(Recasts first sentence to reflect that voting is under way, adds voter comment)
By Brendan O'Brien and Karen Pierog
CHICAGO, April 2 (Reuters) - Chicago voters went to the polls on Tuesday to choose between two African-American women running for mayor, with the winner of the historic vote inheriting a city steeped in violent crime and wracked by fiscal woes.
Lori Lightfoot, 56, the former president of independent civilian body the Chicago Police Board and a political outsider, faces Toni Preckwinkle, 72, a long-time local politician, in a runoff to become the 56th mayor of the third-largest U.S. city.
"I voted for Lori Lightfoot ... I think the other one, Preckwinkle, is in politics too long. You know, too much of a machine," said John Reyes, 71, speaking outside of a polling place in the Albany Park neighborhood.
The victor will become the first African-American woman to lead Chicago, a rarity in the United States, where only 6 percent of mayors in the 200 U.S. largest cities are women of color, according to the Reflective Democracy Campaign.
The two earned spots on the ballot after they garnered the most votes among 14 candidates in a February election. The winner will replace Rahm Emanuel, who announced in September that he was not seeking a third term.
Lightfoot would also become the first openly gay mayor in Chicago. She has never held political office, while Preckwinkle was a city councilwoman for almost 20 years before becoming Cook County board president in 2010.
Dennis Williams, a 57-year-old city employee from the Beverly neighborhood on the city's far South Side, said he prefers Preckwinkle because of her experience.
"People talk about change but don't understand that there is a lot to deal with on the day-to-day business, like snow plows," Williams said during an event on Saturday at the Rainbow PUSH headquarters, where both candidates agreed to unite after the election.
Tuesday's winner will take over a city ranked as one of the nation's most violent. Homicides in Chicago declined by more than a quarter in 2018 from its five-year high of 769 in 2016. But less than one out of five murders was solved in Chicago in the first half of 2018, according to local media.
"I have been very, very clear that this is unacceptable," Lightfoot said during a debate last week held by a local CBS affiliate. "Our detectives have to get out of their offices and get into the community."

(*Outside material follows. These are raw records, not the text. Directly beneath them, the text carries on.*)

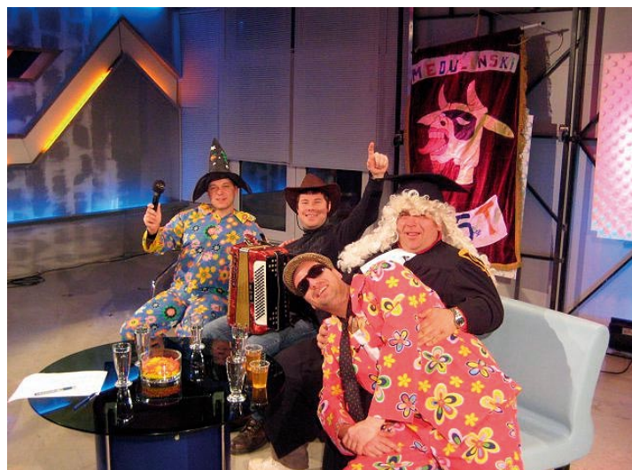
Medulinske maškare na TV Novi
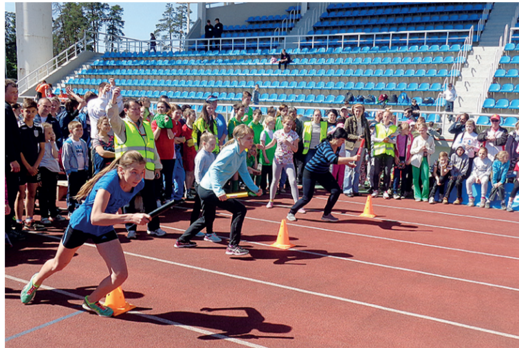
Нелёгкая борьба на фестивале духовной и физической культуры.

А может ли культура духовная сочетаться со спортом? Способен ли профессиональный спортсмен оставаться христианином? Интересно, что Святейший патриарх Кирилл, напутствуя наших олимпийцев, сравнил их образ
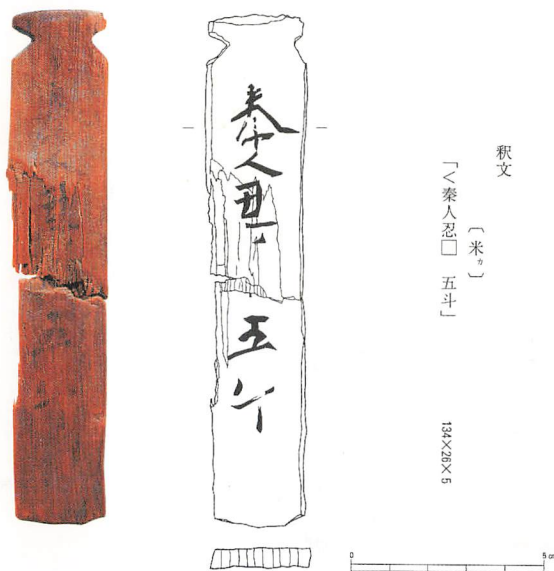
貯水池跡から出土の木簡
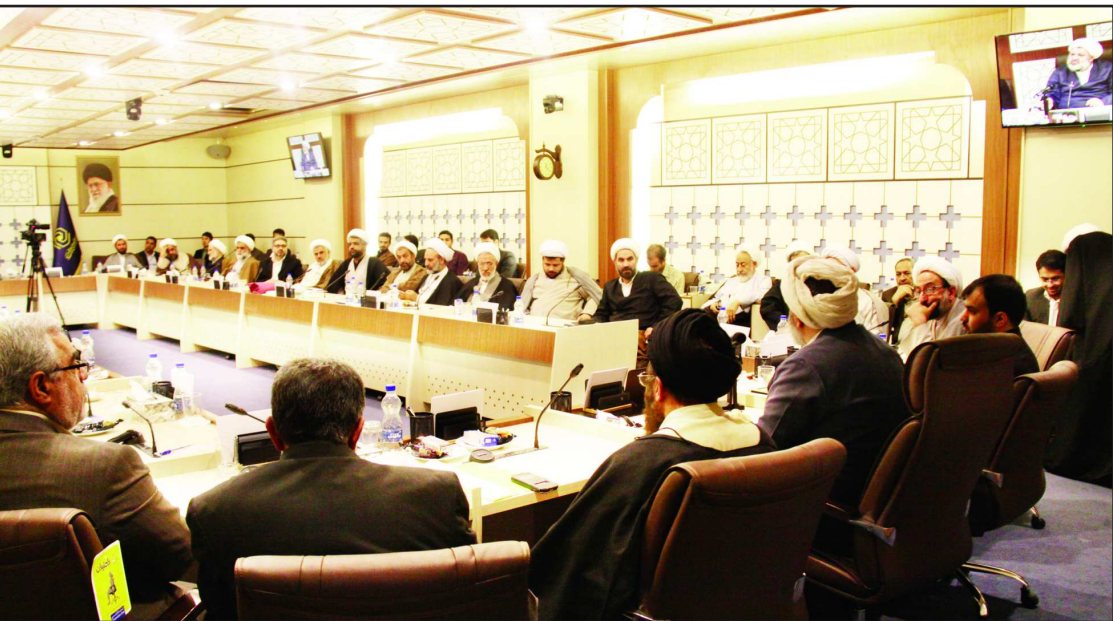
در نشست مدیران استانی حوزه های علمیه خواهران با معاونت اداری- مالی تصریح شد

Preckwinkle said the city must invest more in community policing and police training.
"The way crimes get solved is that officers get cooperation and collaboration from community members," she said.

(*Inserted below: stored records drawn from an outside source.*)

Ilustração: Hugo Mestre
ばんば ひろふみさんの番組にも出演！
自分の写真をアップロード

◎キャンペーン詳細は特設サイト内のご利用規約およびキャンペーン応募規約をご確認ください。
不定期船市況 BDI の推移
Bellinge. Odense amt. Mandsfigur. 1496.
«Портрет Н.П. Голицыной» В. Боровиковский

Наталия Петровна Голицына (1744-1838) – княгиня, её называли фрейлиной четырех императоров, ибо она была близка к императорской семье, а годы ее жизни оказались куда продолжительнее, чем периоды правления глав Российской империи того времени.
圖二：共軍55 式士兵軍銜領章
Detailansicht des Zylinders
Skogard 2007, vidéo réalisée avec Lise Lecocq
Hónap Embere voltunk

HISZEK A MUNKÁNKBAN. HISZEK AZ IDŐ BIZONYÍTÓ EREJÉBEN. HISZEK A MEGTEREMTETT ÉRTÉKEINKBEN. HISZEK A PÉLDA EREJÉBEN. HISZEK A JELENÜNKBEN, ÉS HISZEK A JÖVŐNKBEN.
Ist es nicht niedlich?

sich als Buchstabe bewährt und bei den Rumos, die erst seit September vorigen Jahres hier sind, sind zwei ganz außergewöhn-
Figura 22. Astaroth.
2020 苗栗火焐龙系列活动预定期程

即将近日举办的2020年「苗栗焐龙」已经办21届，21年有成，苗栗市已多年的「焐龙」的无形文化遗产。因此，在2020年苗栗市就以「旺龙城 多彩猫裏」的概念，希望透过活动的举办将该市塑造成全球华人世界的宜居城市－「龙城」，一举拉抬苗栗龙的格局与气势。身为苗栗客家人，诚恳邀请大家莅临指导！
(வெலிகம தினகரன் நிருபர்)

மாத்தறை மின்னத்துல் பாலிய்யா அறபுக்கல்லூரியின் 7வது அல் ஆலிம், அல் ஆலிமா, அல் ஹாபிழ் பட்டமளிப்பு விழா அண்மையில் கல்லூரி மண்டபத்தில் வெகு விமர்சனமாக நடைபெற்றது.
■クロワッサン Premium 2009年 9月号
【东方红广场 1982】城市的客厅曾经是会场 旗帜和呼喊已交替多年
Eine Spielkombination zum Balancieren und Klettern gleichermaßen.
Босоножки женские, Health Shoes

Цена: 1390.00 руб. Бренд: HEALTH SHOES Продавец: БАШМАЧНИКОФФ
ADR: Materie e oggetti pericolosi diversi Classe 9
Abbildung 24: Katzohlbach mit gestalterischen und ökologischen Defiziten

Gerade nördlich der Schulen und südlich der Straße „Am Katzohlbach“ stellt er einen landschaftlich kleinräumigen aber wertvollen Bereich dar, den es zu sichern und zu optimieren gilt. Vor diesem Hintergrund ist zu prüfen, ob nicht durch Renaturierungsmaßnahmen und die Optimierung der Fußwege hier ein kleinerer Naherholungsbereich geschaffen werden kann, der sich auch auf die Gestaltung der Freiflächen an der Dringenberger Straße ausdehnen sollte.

Neither candidate has disclosed detailed plans for addressing a projected $252 million fiscal 2020 budget deficit and escalating pension payments that will top $2 billion in 2023.
Preckwinkle and Lightfoot both support an elected rather than a currently appointed board to govern the debt-dependent Chicago Public Schools, which is controlled by the mayor.
The next mayor will be expected to deliver on a campaign promise to reform the police department currently under court-appointed oversight to address a 2017 Justice Department finding of widespread excessive force and racial bias by officers.
On day one, the new mayor will also have to find a way to ease tension between the police department and state's attorney after prosecutors decided to drop charges against actor Jussie Smollett, who was accused of staging a hate crime attack.
Both candidates are calling for a fuller explanation from the state's attorney's office regarding the case.
"Whomever gets in will have a hard time," said retired mailman Gary Muckle, 77, after voting for Lightfoot this weekend.